> [What the task requires]: Give the data again exactly as written, skipping any pictures.

> [Data below]:
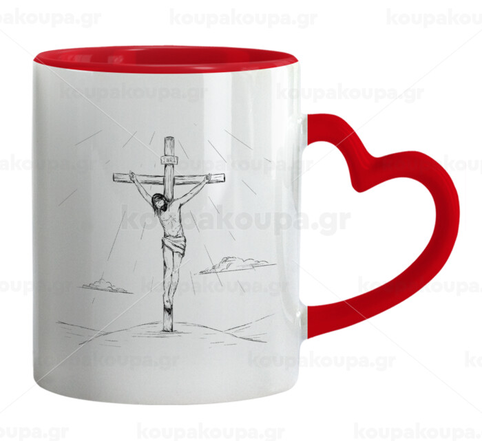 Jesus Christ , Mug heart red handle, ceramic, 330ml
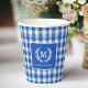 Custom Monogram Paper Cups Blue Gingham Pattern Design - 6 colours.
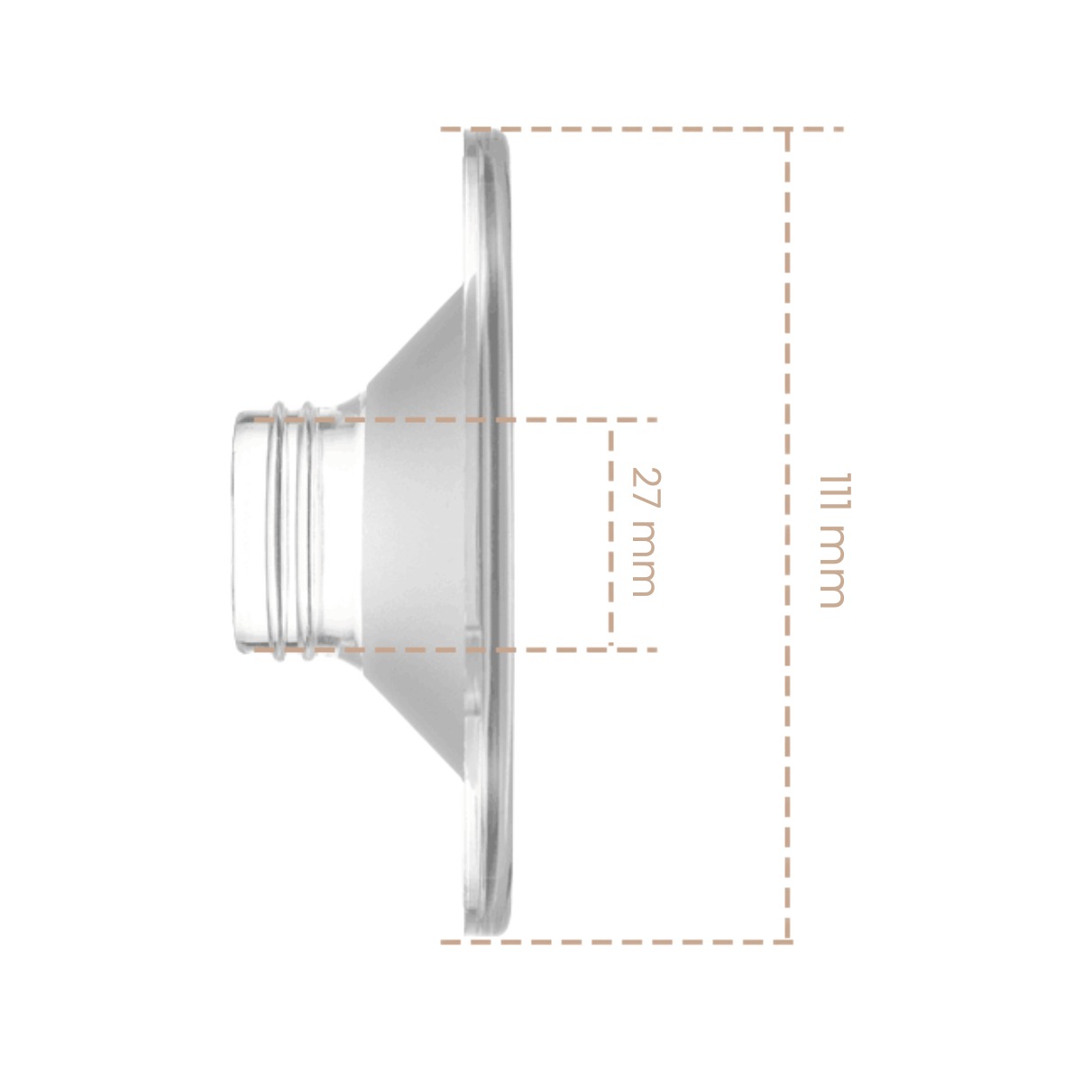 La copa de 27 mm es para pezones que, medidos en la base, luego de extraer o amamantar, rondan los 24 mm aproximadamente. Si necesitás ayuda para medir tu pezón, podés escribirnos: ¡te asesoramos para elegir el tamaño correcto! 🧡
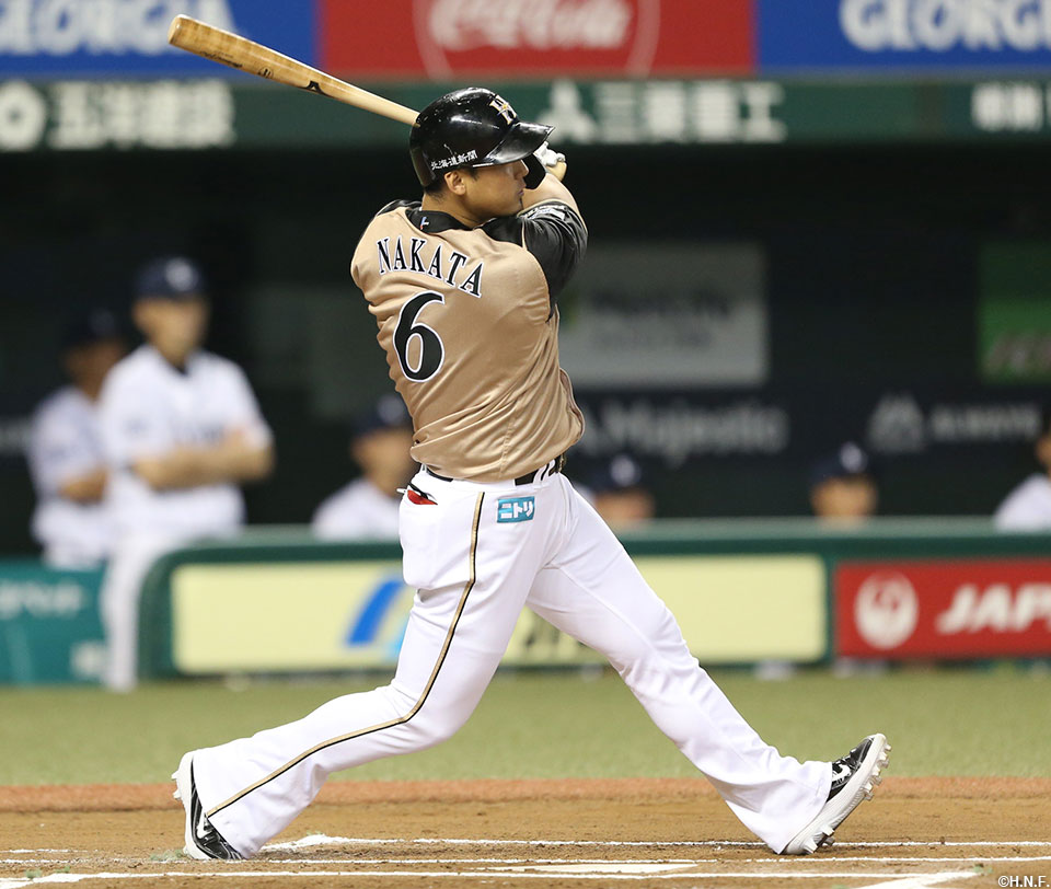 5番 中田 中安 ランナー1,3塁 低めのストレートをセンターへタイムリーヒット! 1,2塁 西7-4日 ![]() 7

> [Answer space]:
 Jesus Christ , Mug heart red handle, ceramic, 330ml
 Custom Monogram Paper Cups Blue Gingham Pattern Design - 6 colours.
 La copa de 27 mm es para pezones que, medidos en la base, luego de extraer o amamantar, rondan los 24 mm aproximadamente. Si necesitás ayuda para medir tu pezón, podés escribirnos: ¡te asesoramos para elegir el tamaño correcto! 🧡
 5番 中田 中安 ランナー1,3塁 低めのストレートをセンターへタイムリーヒット! 1,2塁 西7-4日 ![]() 7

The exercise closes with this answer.